My boat came with guide boards but I installed the posts just so I could see backing up. I love the guide boards and they take abuse better than the posts. I would use both. Next trailer im doing boards and posts again


----------



## pafree (Oct 19, 2013)

[url=https://www.tinboats.net/forum/viewtopic.php?p=332415#p332415 said:


> thegr8cody » 19 Oct 2013, 08:41[/url]"] I would use both. Next trailer im doing boards and posts again



i like the ideal of both. most of the places i go have boat ramps that are not steap angled but there is a couple of places that are like canal bank off loading and loading.


----------



## JMichael (Oct 19, 2013)

I agree with using both.
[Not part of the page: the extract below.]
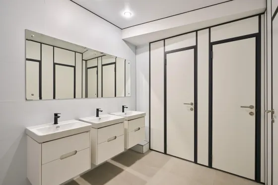 Приточно-вытяжная вентиляция, центральное отопление. Многоуровневый отапливаемый паркинг. Зарядные станции для электромобилей мощностью 22 КВт. 6 высокоскоростных лифтов с панорамным видом на Москву. Отдельный сервисный лифт с зоной разгрузки. Система контроля доступа — по картам, через мобильное приложение, по системе Face ID. Спринклерная система пожаротушения во всех помещениях. Система пожарной сигнализации ESMI. Круглосуточная система видеонаблюдения.

My current trailer has side boards, and the rear post for the sideboard extends higher in order to provide a mount for the tail light and keep it out of the water (no more blown bulbs or having to worry about unplugging the trailer) when I load/launch. 






The yellow marker lights attached to the back side of the tail lights simplifies the task of backing the trailer up in the dark.


----------



## Ranchero50 (Oct 19, 2013)

Here's a set I welded up for my buddy's 116 Cherokee with a 90/65 jet after he took out his fender.

As designed, the boards stay @ 1" off the hull when it's on the trailer. The bottom bunks sandwich the bottom strakes so the hull self centers. The side boards are just to help with low speed maneuvering. Be sure to build your structure in relation to your hull weight. This boat is a tank so everything was beefed up.


----------



## pafree (Oct 21, 2013)

this is my boat and you can see how it sits wide on the trailer. i wouldn't mind looking for a wider trailer but i like how this one pulls and it carries the boat great. i like the ideals you have shown me and i have seen how the store bought ones go on a trailer and had a ideal.






here is the ideal i came up with you advise. right now the trailer uses PVC for bunk and i know there pros and cons with saltwater usage. if i made some large U shaped pieces and u-bolted them to the trailer and then connected the two U's with PVC or guide boards. i could put PVC over the poles from the guides down to the trailer.





my question is what material for salt: chain link fence top poles, EMT, steel that is painted really good, maybe powder coat or see about getting the steel galvanized after contruction?


----------



## nbaffaro (Oct 21, 2013)

I know you don't want to hear this but if you want galvanized just buying a set that was made for what you want to do is going to be the easiest solution. If your going to make something I wouldn't even worry about galvanized. It'll just drive the cost up to the point you could just buy the ready made pieces. 


Wait? Your boat is on round PVC bunk boards(tubes)?


----------